Scatter Matrix and Covariance

This package implements functions for computing scatter matrix, as well as weighted covariance matrix.

scattermat(X, [wv::AbstractWeights]; mean=nothing, dims=1)

Compute the scatter matrix, which is an unnormalized covariance matrix. A weighting vector wv can be specified to weight the estimate.


  • mean=nothing: a known mean value. nothing indicates that the mean is unknown, and the function will compute the mean. Specifying mean=0 indicates that the data are centered and hence there's no need to subtract the mean.
  • dims=1: the dimension along which the variables are organized. When dims = 1, the variables are considered columns with observations in rows; when dims = 2, variables are in rows with observations in columns.
cov(X, w::AbstractWeights, vardim=1; mean=nothing,  corrected=false)

Compute the weighted covariance matrix. Similar to var and std the biased covariance matrix (corrected=false) is computed by multiplying scattermat(X, w) by $\frac{1}{\sum{w}}$ to normalize. However, the unbiased covariance matrix (corrected=true) is dependent on the type of weights used:

  • AnalyticWeights: $\frac{1}{\sum w - \sum {w^2} / \sum w}$
  • FrequencyWeights: $\frac{1}{\sum{w} - 1}$
  • ProbabilityWeights: $\frac{n}{(n - 1) \sum w}$ where $n$ equals count(!iszero, w)
  • Weights: ArgumentError (bias correction not supported)
cov(ce::CovarianceEstimator, x::AbstractVector; mean=nothing)

Compute a variance estimate from the observation vector x using the estimator ce.

cov(ce::CovarianceEstimator, x::AbstractVector, y::AbstractVector)

Compute the covariance of the vectors x and y using estimator ce.

cov(ce::CovarianceEstimator, X::AbstractMatrix, [w::AbstractWeights]; mean=nothing, dims::Int=1)

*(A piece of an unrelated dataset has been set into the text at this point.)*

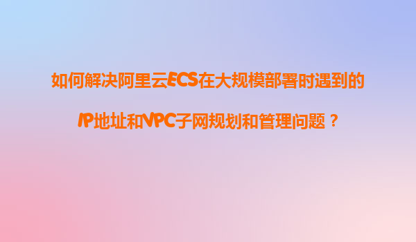 2025-11-08如何解決阿里云ECS在大規(guī)模部署時遇到的IP地址和VPC子網(wǎng)規(guī)劃和管理問題 引言:大規(guī)模部署中的核心挑戰(zhàn) 隨著企業(yè)數(shù)字化轉(zhuǎn)型加速,阿里云ECS(彈性計算服務)的大規(guī)模部署成為許多業(yè)務場景的標配。然而...
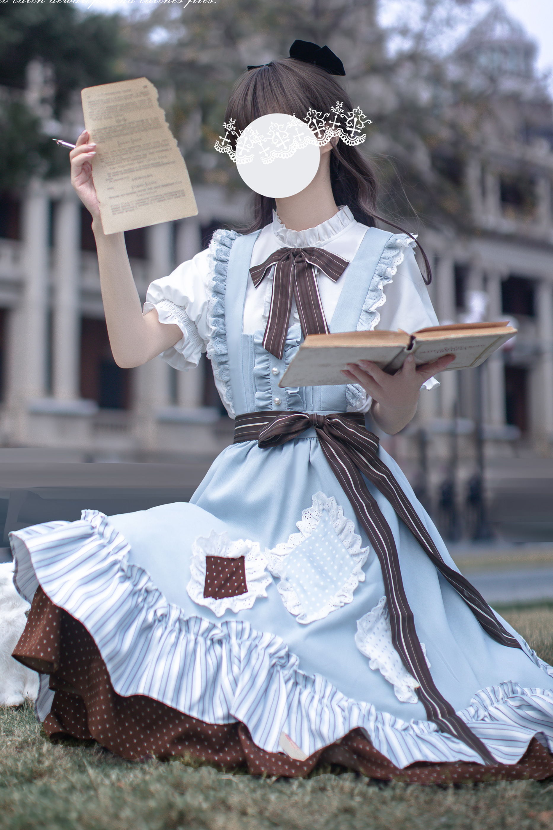 ❤レトロなアリス風サスペンダースカート + シャツ + リボンタイ + ブローチ + ヘアクリップ❤

Compute the covariance matrix of the matrix X along dimension dims using estimator ce. A weighting vector w can be specified. The keyword argument mean can be:

  • nothing (default) in which case the mean is estimated and subtracted from the data X,
  • a precalculated mean in which case it is subtracted from the data X. Assuming size(X) is (N,M), mean can either be:
    • when dims=1, an AbstractMatrix of size (1,M),
    • when dims=2, an AbstractVector of length N or an AbstractMatrix of size (N,1).
cor(X, w::AbstractWeights, dims=1)

Compute the Pearson correlation matrix of X along the dimension dims with a weighting w .

mean_and_cov(x, [wv::AbstractWeights,] vardim=1; corrected=false) -> (mean, cov)

Return the mean and covariance matrix as a tuple. A weighting vector wv can be specified. vardim that designates whether the variables are columns in the matrix (1) or rows (2). Finally, bias correction is applied to the covariance calculation if corrected=true. See cov documentation for more details.

cov2cor(C, s)

Compute the correlation matrix from the covariance matrix C and a vector of standard deviations s. Use StatsBase.cov2cor! for an in-place version.

cor2cov(C, s)

Compute the covariance matrix from the correlation matrix C and a vector of standard deviations s. Use StatsBase.cor2cov! for an in-place version.


Simple covariance estimator. Estimation calls cov(x; corrected=corrected), cov(x, y; corrected=corrected) or cov(X, w, dims; corrected=corrected) where x, y are vectors, X is a matrix and w is a weighting vector.